Dans le cas où la médecine ne peut plus soigner, et c’est le cas de cette personne, il ne s’agit pas d’un échec, mais d’un autre type de soins, les « soins palliatifs », en plein développement. Une médecine qui ne cherche plus à guérir mais à accompagner la fin de vie. Mais lorsque la souffrance ne peut plus être efficacement combattue, lorsque des complications très invalidantes menacent, et c’est le cas de cette personne, on passe à une autre question celle de l’euthanasie, c’est-à-dire de la mort activement provoquée, sans souffrance physique, à un moment choisi et dans des conditions décidées par le malade. Un malade conscient, lucide, ayant réfléchi, discuté avec ses proches, peut-il faire appel aux techniques dont nous disposons pour mettre fin à sa vie plus tôt que ne l’aurait fait sa maladie ?
Oui, répond le bon sens. Pourquoi lui imposer la dégradation physique et les souffrances de l’agonie ? Pourquoi l’imposer à ceux qui l’aiment ? Notre technologie médicale nous permet de prévoir et d’agir efficacement pour éviter cette souffrance, comme les autres souffrances. Faisons-le.

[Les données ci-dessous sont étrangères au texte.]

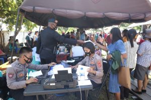 Kegiatan Gerai Vaksinasi yang dilakukan dikordinir oleh Kasi Dokkes Polres Tanimbar Ipda dr. Merlin E. Suarlembit bersama personilnya dibantu personil TNI, Brimob dan tenaga Vaksinator dari RSUD dr. PP. Magretty Saumlaki dengan dosis Vaksin yang di gunakan, sebanyak 100 dosis, terdiri dari jenis Pfiser 58 dosis, yang diberikan kepada penerima dosis pertama 5 orang, dosis kedua 10 orang dan dosis ketiga 43 orang.
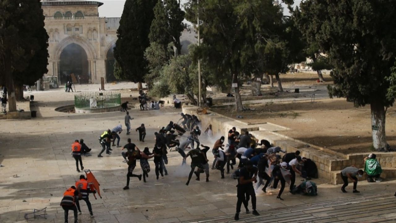 Mescid-i Aksa’ya baskın düzenleyen İsrail polisi, Filistinlilere göz yaşartıcı gaz, plastik mermi ve ses bombalarıyla müdahale etti.

Non, répondent la bioéthique à la française, la loi, les experts et autres institutions. Le dernier texte de loi sur la fin de vie (loi n° 2005-370 du 22 avril 2005 dite loi Leonetti) autorise l’interruption des soins : pas d’acharnement thérapeutique. Mais l’euthanasie dite « active » reste un crime. La mort ne peut pas être voulue, provoquée, elle doit être subie. La passivité est une valeur : absurde ! Et s’il faut des années ? Des mois ou des semaines atroces, où l’individu se déshumanise ? Pourquoi attendre l’asphyxie terminale au lieu de s’endormir définitivement ? L’Avis n° 63 (Fin de vie, arrêt de vie, euthanasie) du Conseil Consultatif National d’Éthique tourne la question dans tous les sens possibles pour conclure… qu’il y a bien une question. Pendant ce temps, les scandales les plus évidents sont relayés par la presse (Chantal Sébire après l’affaire Humbert et bien d’autres), au milieu des autres scandales, politiques et économiques.
Au nom de quelles valeurs les comités et les lois « bioéthiques » bloquent-ils le droit humain à la dignité ? Au nom de leurs valeurs, celles de la religion le plus souvent, ou d’idéologies de nature comparable. Quand on lit en détail les livres et les sites Web sur la question, on découvre que la position de base est un dogme : l’homme n’est pas « propriétaire » de sa vie, il l’a reçue, passivement, il ne peut pas la quitter quand il veut. L’argumentation est la même contre l’interruption volontaire de grossesse ou la contraception, les associations d’arrière-plan sont souvent les mêmes. Naissance ou mort, il faut subir. Enfant non désiré ou agonie dans la déchéance physique, il faut subir, accepter l’humiliation. Ce système de valeur est purement et simplement sadique, il valorise la souffrance. Il constitue une vengeance des idéologies du passé contre la puissance technologique : quel plaisir, pervers, de ramener l’homme à sa bassesse, à son impuissance, à son statut de soumission !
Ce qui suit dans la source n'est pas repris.